Stored items from a collection

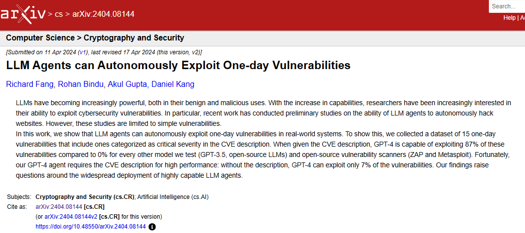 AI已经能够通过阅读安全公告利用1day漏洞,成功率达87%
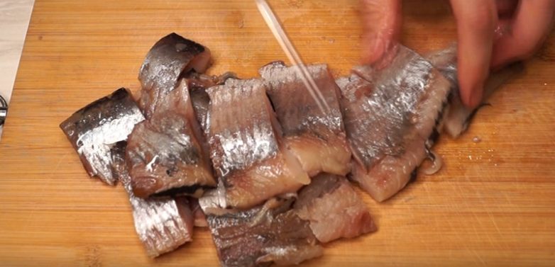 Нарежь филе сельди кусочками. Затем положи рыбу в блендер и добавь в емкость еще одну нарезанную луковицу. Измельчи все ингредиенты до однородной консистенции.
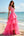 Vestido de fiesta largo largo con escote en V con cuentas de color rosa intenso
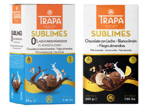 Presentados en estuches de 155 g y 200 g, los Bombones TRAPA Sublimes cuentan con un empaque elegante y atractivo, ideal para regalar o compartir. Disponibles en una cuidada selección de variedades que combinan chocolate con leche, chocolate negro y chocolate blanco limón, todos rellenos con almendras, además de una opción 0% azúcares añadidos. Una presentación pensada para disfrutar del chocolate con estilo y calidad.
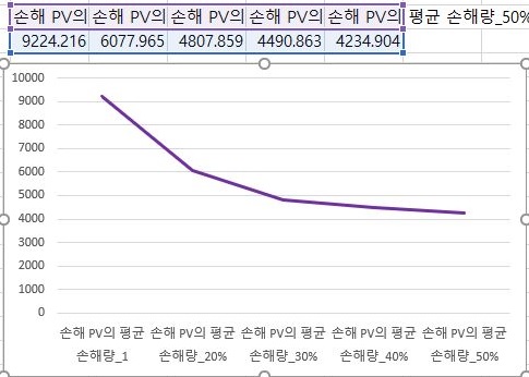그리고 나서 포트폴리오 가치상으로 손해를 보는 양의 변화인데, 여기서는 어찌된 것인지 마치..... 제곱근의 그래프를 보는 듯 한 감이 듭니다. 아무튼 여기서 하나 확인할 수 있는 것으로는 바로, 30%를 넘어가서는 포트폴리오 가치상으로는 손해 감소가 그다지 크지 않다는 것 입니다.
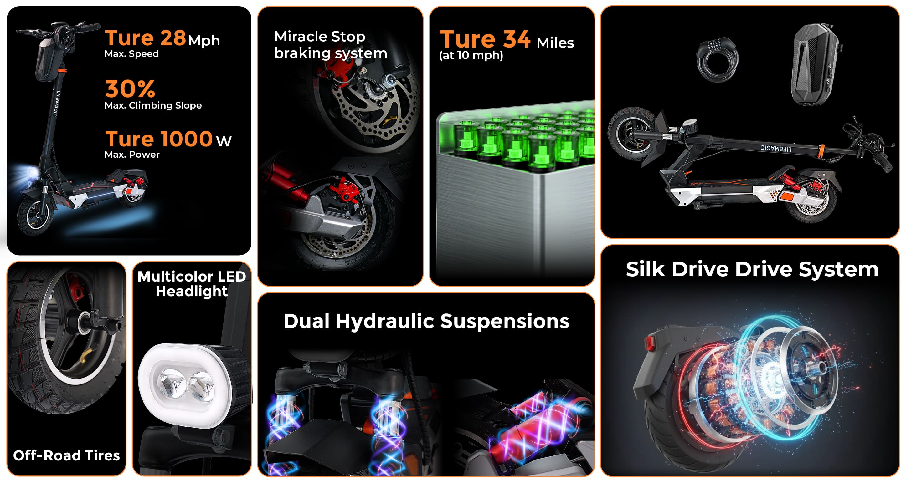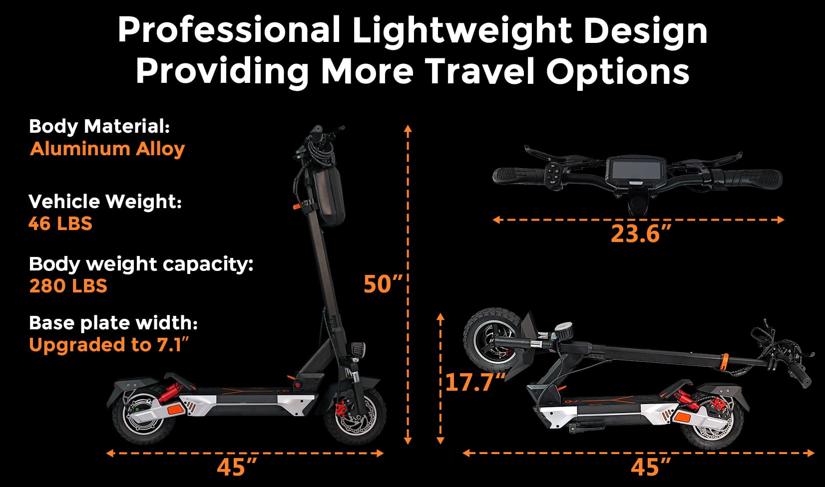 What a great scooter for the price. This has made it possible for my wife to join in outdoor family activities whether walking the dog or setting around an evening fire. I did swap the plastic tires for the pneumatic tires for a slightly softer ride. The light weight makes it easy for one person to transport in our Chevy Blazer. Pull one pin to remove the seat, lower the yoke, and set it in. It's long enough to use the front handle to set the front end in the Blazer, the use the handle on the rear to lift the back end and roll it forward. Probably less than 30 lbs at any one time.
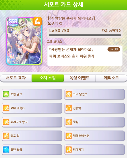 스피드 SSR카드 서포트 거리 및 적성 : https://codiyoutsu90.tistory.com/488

# [Work task]
Please leave out the pictures as you reproduce the lines exactly, from the first line of the entries through the line containing "Vestido de fiesta".

# [Exercise answer]
 AI已经能够通过阅读安全公告利用1day漏洞,成功率达87%
 Нарежь филе сельди кусочками. Затем положи рыбу в блендер и добавь в емкость еще одну нарезанную луковицу. Измельчи все ингредиенты до однородной консистенции.
 Vestido de fiesta largo largo con escote en V con cuentas de color rosa intenso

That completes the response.